Work is really strict about us charging our devices, so basically I end up every single home commute staring out the window and thinking about stuff.

Like coconuts. And homes, which are sometimes made of coconuts, because you can make everything with coconuts. So let’s say you live in Hawaii, and even though it’s now a modern and industrialized society, you happen to live in that one semi-Amish community that likes to live like it’s 1565. Sort of.

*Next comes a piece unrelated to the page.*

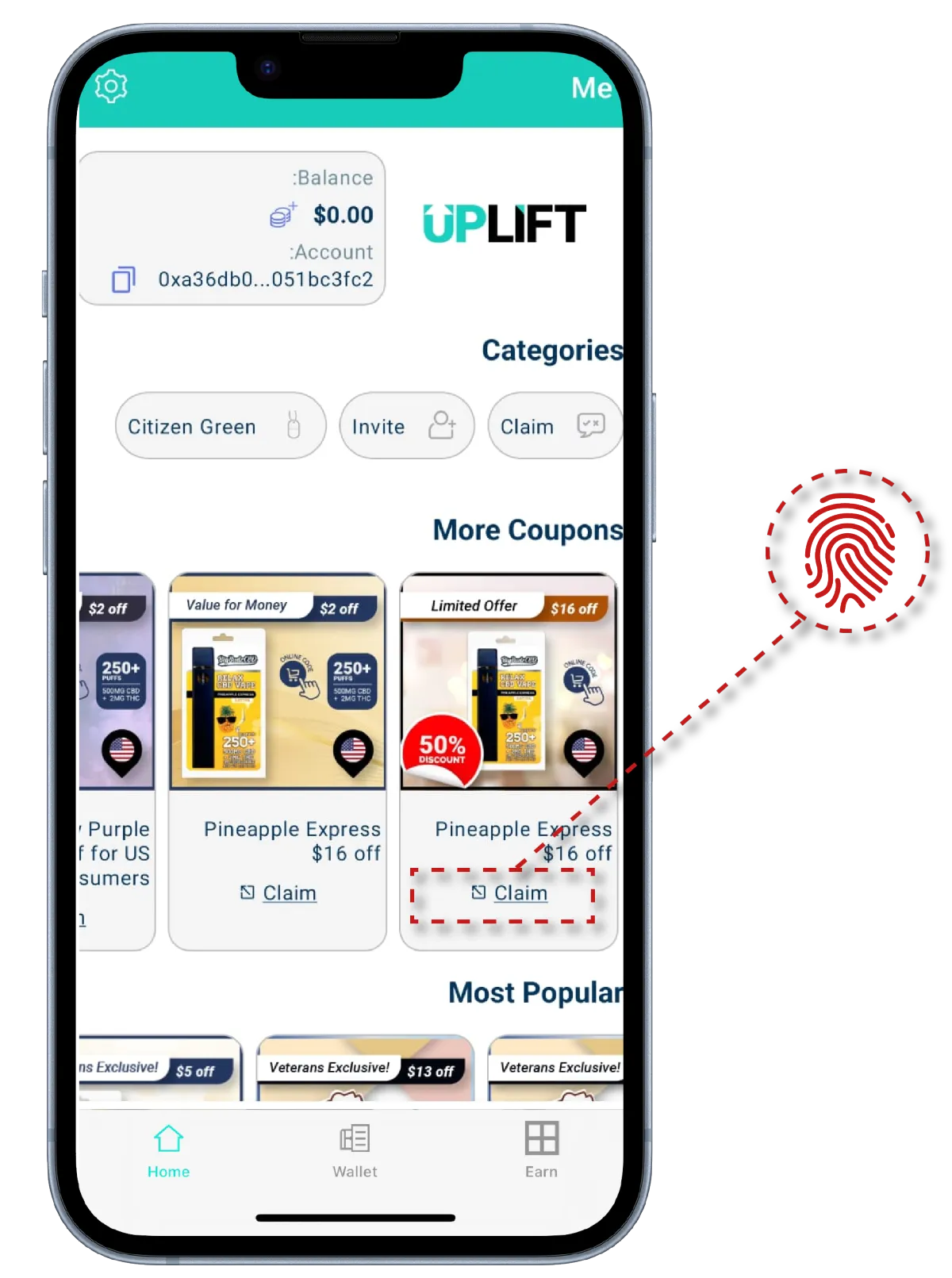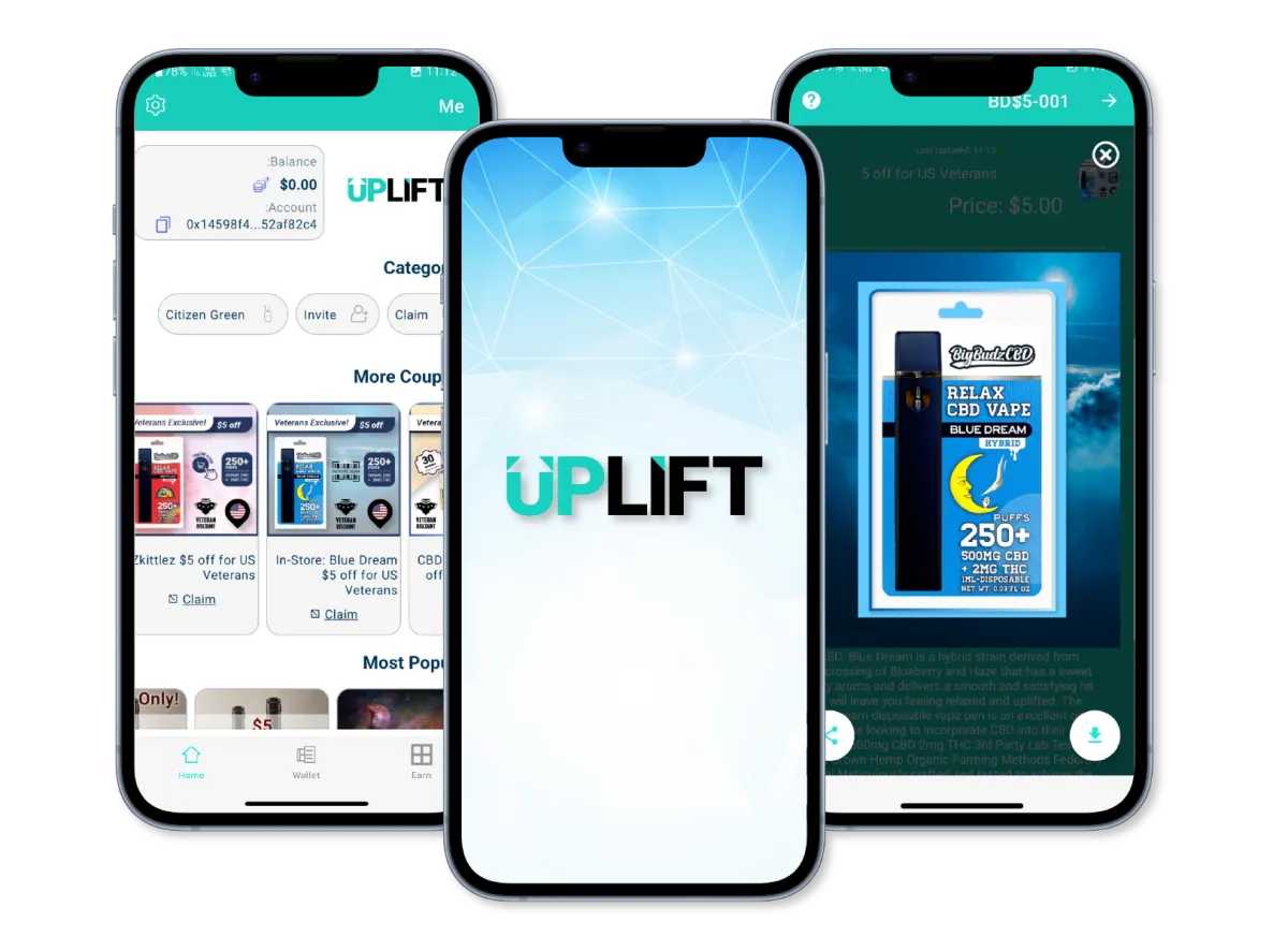 Simply download the Uplift app to access exclusive NFT coupons for CBD and Cannabis products and Citizen Green's dedicated interface, offering extra savings and deals exclusively for veterans. Start saving hassle-free on your purchases today!
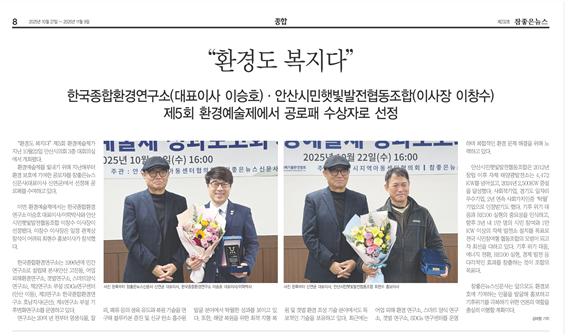 본사 이승호 대표는 2025.10.22일 참좋은뉴스신문사 선정 환경예술제 환경공로패 수상의 영예를 안았다.

They still clearly have modern amenities like a custom designed kitchen, because there are people who come into your thatched hut to do that sort of thing. It’s a very modern, progressive Amish community. Take the good bits of the modern world, like renovations and such. And of course, it’s all just coconuts, because there’s not too much to work with and you already had the floor laid with a rather attractive palm leaf pattern. Plus, coconuts on the floor of the kitchen is just silly. You’d be trying to make traditional soup and roast lamb on a spit, and you’d be tripping over coconuts every time you went everywhere.

No, I’m thinking these kitchen makeovers would have stuff like…custom-made coconut sinks. Coconut hangers, for the hanging of things. And that’s about it, because I don’t design kitchens for a living and I’m not made of ideas. I mean, I think there are kitchen renovations in Moorabbin. They’d be the ones to ask. Probably not many coconuts used in kitchens around here though, just saying.